Cumpre relembrar que o reconhecimento da doença pelos homens “[...] significou uma ameaça ao papel de provedor da sobrevivência familiar.” Já para as mulheres, o “[...] não-cumprimento de suas funções dentro da família” mostraria a ‘incapacidade’ de sua administração doméstica e do cuidado com os filhos, motivo para serem abandonadas pelos maridos ou companheiros. (OLIVEIRA; ROMANELLI, 1998, p. 55). Estes autores (1998, p. 57) observaram ainda que as mulheres “[...] vivem num clima de incerteza quanto à transmissão da doença para os filhos, e mesmo assim preferem ocultar destes a doença.”

Romero-Salazar e outros (1995, p. 538),. em estudo realizado na Venezuela, chamaram a atenção para a associação entre as declarações da maioria dos doentes que se declaram próximos e amparados por suas famílias com a “quase total inexistência de deformidades” nesta população. Não descartaram, porém, a construção desta percepção dos doentes a partir de “situações reais não discriminatórias” no âmbito familiar.

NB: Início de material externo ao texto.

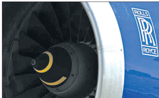
A Rolls-Royce aircraft engine of a British Airways (BA) Boeing 747 passenger aircraft is seen at Heathrow Airport in west London on 7 April, 2011.—REUTERS

Aerospace and defence companies use intermediaries, which can be individuals or companies, in countries where they do not have a large presence. Intermediaries cover tasks from sales to coordinating maintenance and support contracts. Rolls-Royce's operations span the civil aerospace, defense, marine and energy sectors. The company has not disclosed which units are involved in the probe.— Reuters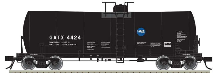
GATX (Service Driven)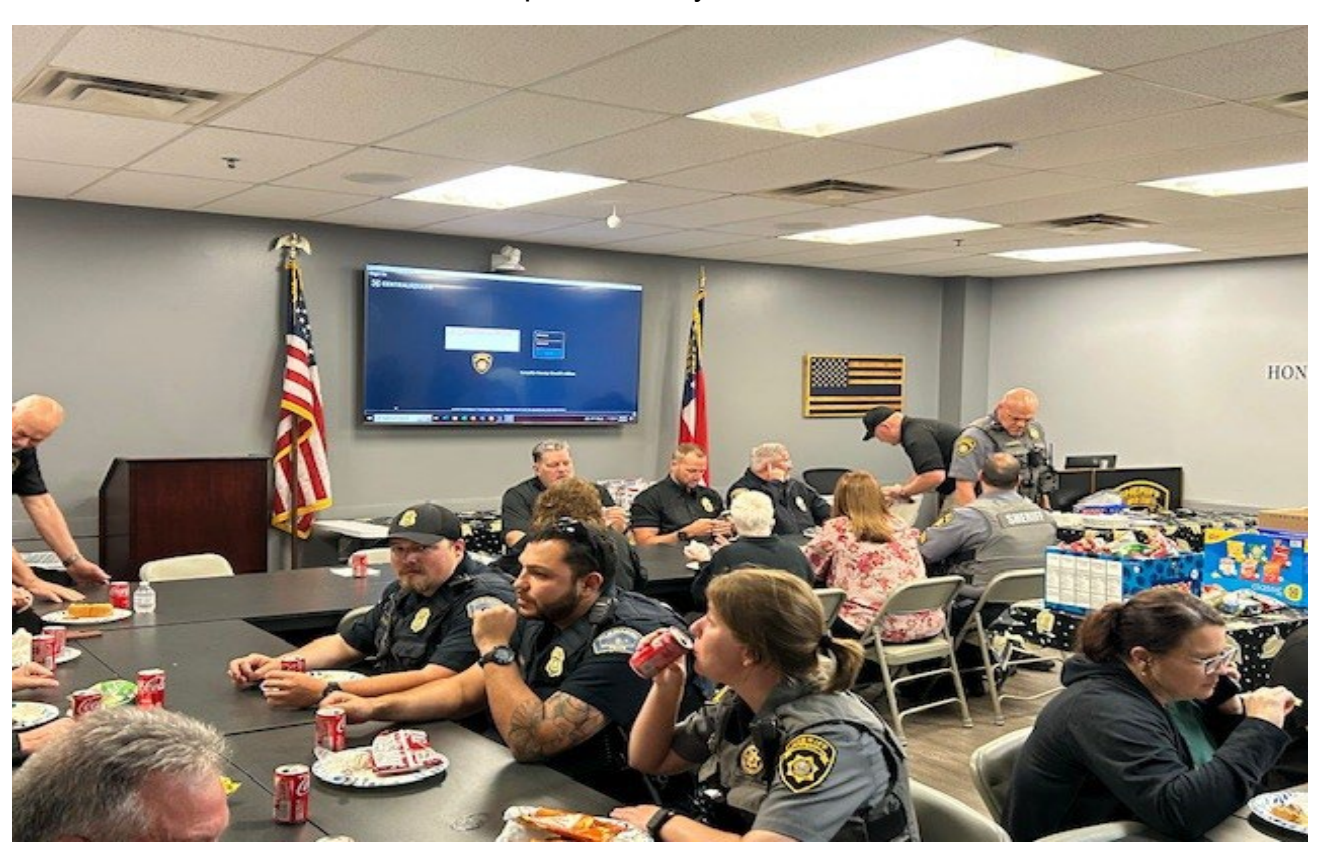
Officer Appreciation Luncheon

Todas as características acima citadas demonstram que o acompanhamento do portador de hanseníase requer da equipe de saúde o “[...] reconhecimento da necessidade de uma maior sensibilidade diante do sofrimento do paciente.” (CAPRARA; FRANCO, 1999, p. 648). E, acrescentaria, do sofrimento de suas famílias, necessitadas de esclarecimentos que facilitem o acolhimento dos doentes sem a convivência prolongada com temores derivados do estigma da doença e sem correspondência com seu potencial de contágio e suas manifestações clínicas.

Para conseguir fazer isto, as equipes de saúde precisam conhecer tanto os “prejuízos reais” acarretados pelos efeitos biológicos da hanseníase em homens e mulheres como os prejuízos decorrentes de concepções “resultantes do seu meio socioeconômico e cultural”. E isto inclui a identificação das repercussões desta doença nas famílias, espaço onde o membro ameaçado pela hanseníase precisa “[...] encontrar suporte para enfrentar o sofrimento.” (OLIVEIRA; ROMANELLI, 1998, p. 56-57).